Борис Володин - Боги и горшки

Шрифт
Фон

Повесть "Боги и горшки" посвящена русскому учёному, физиологу Ивану Петровичу Павлову.

Борис Генрихович Володин
Боги и горшки

1

В анахореты Иван Петрович не метил никогда, - напротив, была и Фелицата Ивановна, была и Любовь Александровна, и в рабочих тетрадях, рядом с бисерной дежурной цифирью - он тогда писал мелко, - по получении пригласительной записочки появлялось:

Будут рады

будут рады

будут

вероятно

вероятно

Малая Садовая, дом 6, кв. 14.

Собираясь, тщательно расчесывал могучую русую бороду, обирал перед зеркалом пылинки с сюртука, высматривал, - конечно, по Митиной подсказке, - не вылезла ли сызнова бахрома внизу на брюках. На званых чаепитиях и прогулках на Острова в большой компании, благодаря ему, Мите, и Пете неизменно именовавшейся "компанией братьев Павловых", сперва слегка робел, молчал, но потом словно бы взрывался и блистал в любом споре. О жизни. О народе. О назначении интеллигенции и об ее отдаленности от народа. О религии и терроризме. О Достоевском и графе Льве Толстом. Об Илье Фадеевиче Ционе, несравненном учителе Ивана Петровича, взбунтовавшем супротив себя весь ученый белый свет. О Митином патроне - великом Дмитрии Ивановиче Менделееве, только что вовсю разгромившем спиритизм и только что мальчишески влюбившемся в юную вольнослушательницу из Академии художеств (даже будто видели, как, прежде чем стучаться в дверь ее мастерской, он молитвенно опускался на колени перед этой дверью!).

Но как далеко зашли два нами упомянутых романа Ивана Петровича - никто не знает. И даже - какой из них был тремя годами прежде и какой позже. И кто - Любовь ли Александровна или Фелицата Ивановна томилась в январе 1877 года на Малой Садовой, ожидая, когда же зазвенит дверной колокольчик, и мечтала увидеть перед дверью четырнадцатой квартиры не всю "компанию братьев", а одного его - статного и с синими огнями в очах! - да еще бы и преклонившим колена на кафельные квадратики лестничной площадки… Право же, в двадцатисемилетнем Иване Петровиче отыскивалось все желанное и глазу, и сердцу, и рассудку.
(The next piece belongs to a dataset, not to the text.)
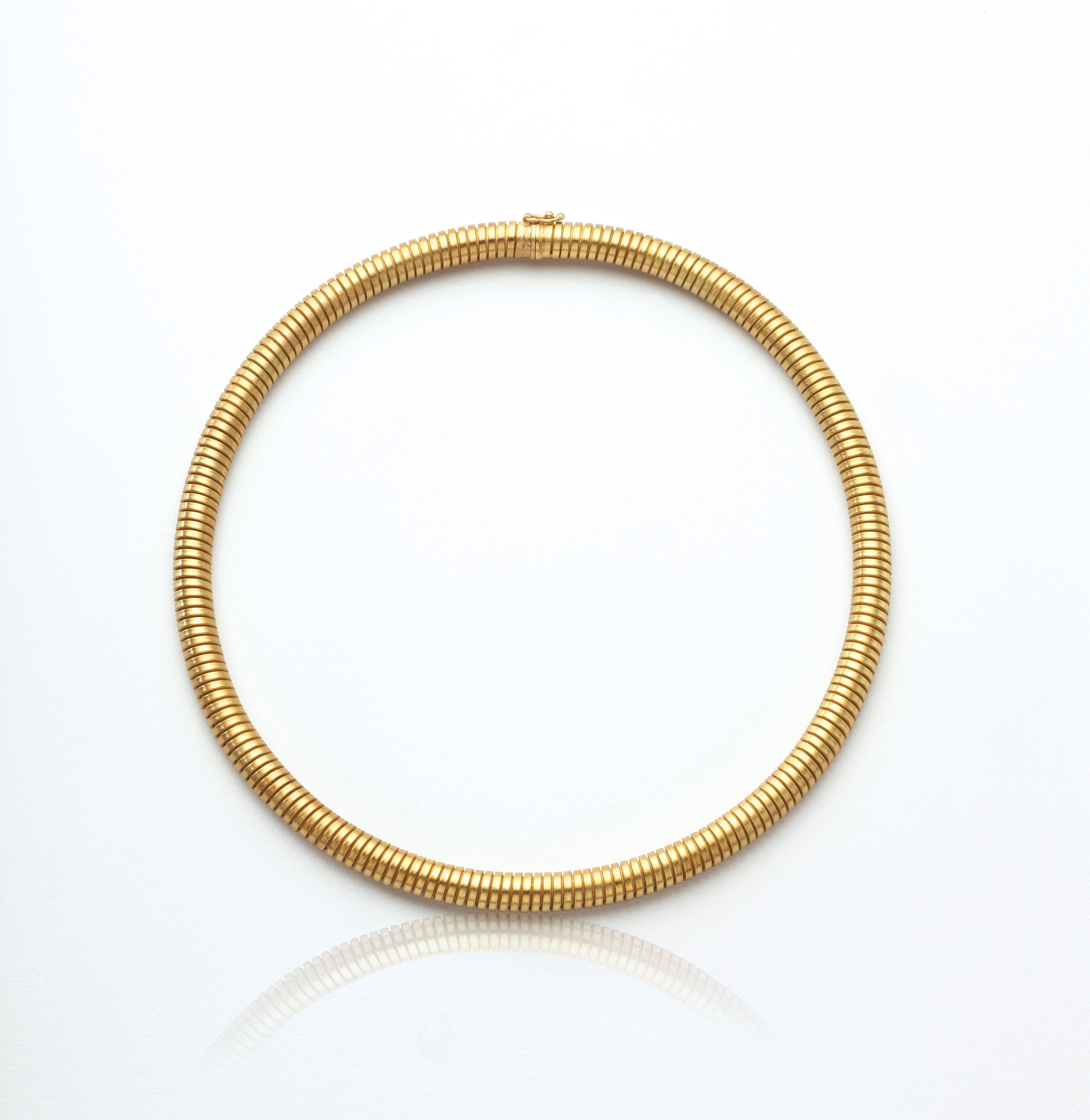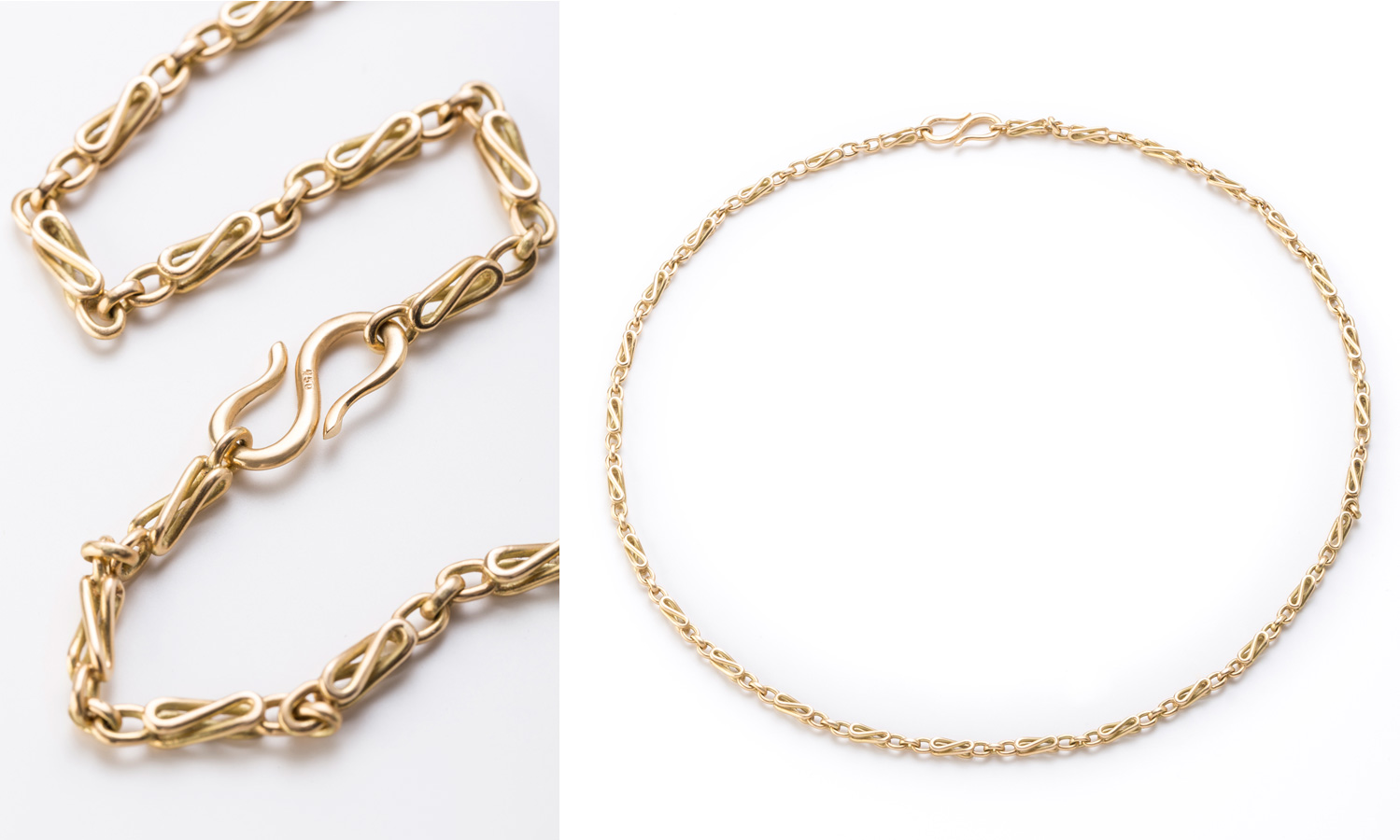 Der Glanz der Versuchung fasziniert mit purem Gold und der handwerklichen Kunst des Kettenschmiedens. Unzählige fein gearbeitete Glieder verbinden sich z.B. zu imposanten Halsketten, die mit ihrer anschmiegsamen Flexibilität sanft das Dekolleté umfließen. Daneben gibt es zahlreiche Kreationen von Ringen mit verschiedenen Steinen.

О внешности более распространяться нечего: есть фотографические карточки тех лет - хорош был! И добр, и страстен, и совестлив. И умен, и начитан - отчаянный книжник! И - скромен. Женщины-то любят, чтоб мужчины были и велики, и скромны, а Иван-то Петрович сам никогда не рассказывал, что присудили золотую медаль в университете за кандидатское диссертационное сочинение по физиологии. Что научные статьи пишет. Не поминал о будущем, которое друзья прочили. Не заикался, что мечтает о профессорстве, хотя учился теперь в Медико-хирургической ради степени доктора медицины, без которой оно было невозможно. (Вообще-то он считал мечту несбыточной.)

Так бы никто ничего и не знал, если бы не брат Митя и не Яков Яковлевич Стольников, друг и однокашник и по университету, и по академии.

Яков Яковлевич пошучивал, что Ванька Павлов по собственному намерению лишний год остался на последнем курсе университета для доделки диссертации и неких особых углубленных занятий химией и анатомией. Зато в академии он догнал Стольникова в три месяца, с первого раза получив у грозного Грубера божественное "sufficit" - "достаточно" - на всех восьми экзаменах по собственноручной препаровке восьми частей тела.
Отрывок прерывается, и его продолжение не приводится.